During Q3 and Q4 of 2021, Nikola completed seven alpha builds of its Class 8 Tre FCEV. These vehicles have been going through validation testing. Two are with Anheuser-Bush in Southern California as part of a three-month pilot program. This included beer deliveries around Los Angeles during Super Bowl weekend in February.
“The trucks that we are running every day with Anheuser-Busch are on regular public roads, regular workloads,” said Mark Russell, CEO of Nikola, during the company’s Q4 2021 earnings call. “Those made the run from Phoenix to Los Angeles with fuel to spare. That truck is designed to go up to 500 miles … And that’s absolutely critical because range is everything in commercial transportation.”
After completing the pilot program with Anheuser-Bush, Nikola will continue pilot testing the Tre FCEV with TTSI in the Port of Long Beach and from there with other customers, Russell stated.
“Validation of the alpha fleet will continue through the rest of the year,” he said. “In Q2, we’ll be building beta versions of the Tre FCEV, which will incorporate ongoing improvements learned from continuing testing with the alpha fleet. Beta vehicles will start their validation in both the U.S. and in Europe in the second half of 2022 and continue in the first half of 2023. And then, Tre FCEV series production is scheduled to start in the second half of 2023.”
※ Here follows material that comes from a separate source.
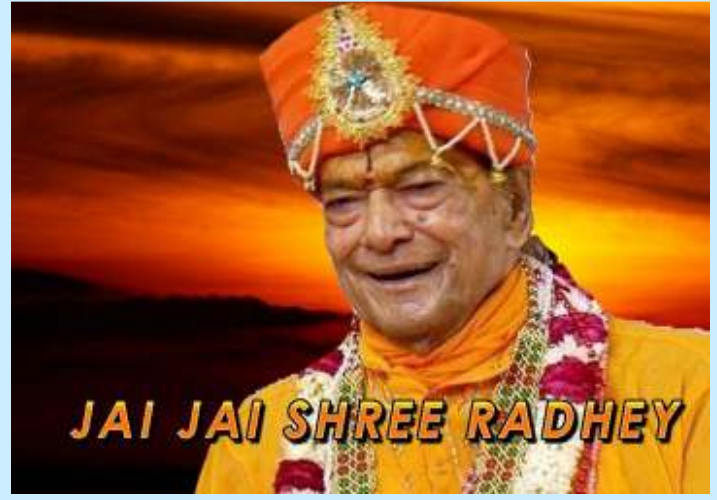
A devotee writes with love for Him -

Nikola has also teamed with TA-Petro to build hydrogen fueling stations and invested $50 million in West Terre Haute, Indiana, to produce clean hydrogen with Wabash Valley Resources.“The Wabash solution can generate electricity as well as hydrogen transportation fuel, which should provide the flexibility to support future truck sales and hydrogen station rollout in the region,” said Pablo Koziner, president of energy and commercial at Nikola.
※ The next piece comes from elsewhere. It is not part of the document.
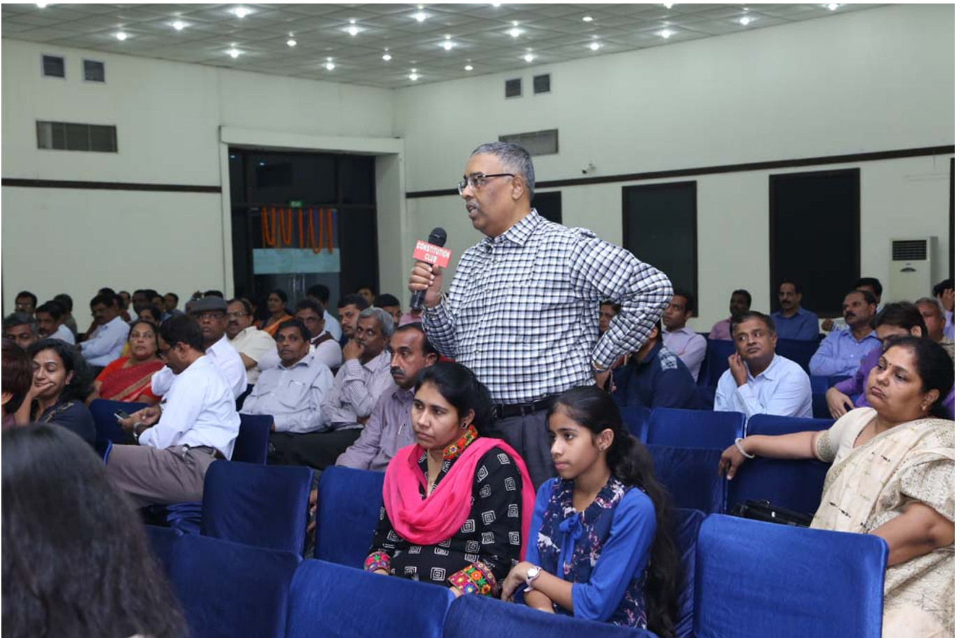
A view from Open House discussion

venture and difficulties in the retention of employees in the industry where the employee gets trained and experienced and then moves for career growth. Speakers laid out the tough challenges of doing business in India, particularly in Delhi. They emphasized the need for producing quality products without making environmental impact. Market research should be carried out to assess the demand of the product being produced. There is a need for being a “good employer” and help employees to feel valued. Moreover, entrepreneurs should follow the rules and regulations.

Symbio, a joint venture between Faurecia and Michelin, has also entered the commercial vehicle fuel cell field. Last month, the California Energy Commission (CEC) selected Symbio, along with a few industry partners, to develop and demonstrate a hydrogen-fueled, regional-haul Class 8 truck. The CEC will provide a $2 million grant to vet if an FCEV can match a 15L diesel truck’s performance.
This “Symbio H2 Central Valley Express” project will commence in the latter half of 2023. For one full year, the modified Freightliner Cascadia truck will traverse a 400-mile route between the Inland Empire and Northern San Joaquin Valley. Air Liquide, Shell, and Trillium all have existing hydrogen infrastructure in the region to support fueling.
“Michelin has been in hydrogen for about 20 years,” said Anthony Reyes, VP of hydrogen services, Michelin. “The initiative started with an R&D project in Switzerland. Michelin, for some time now, has been looking to grow with, around, and beyond tires. Since then, we’ve created four different generations of fuel cells up to today. Those fuel cells have been tested in automobiles, in ferries, in buses, in stored systems for Airbus—a number of different scenarios.”
Today, Reyes said, that fourth-generation fuel cell is “really ready for primetime commercial vehicle scenarios.”
Reyes said Symbio is already shipping with partners in Europe, including Stellantis, Peugeot, Citroen, and Opel utility vans.“For fuel cells, in general, people have been using this since the ’60s. This technology is proven, people always believed in it, the time was just not right,” noted Rick Breunesse, Symbio director of business development. “Ten years ago, the market was not ready to go full-scale. Now, we have all these ingredients together with the infrastructure, and there is drive for it. People want to reduce CO2. There is legislation in place. And now you see, the time is ripe, with the right players.”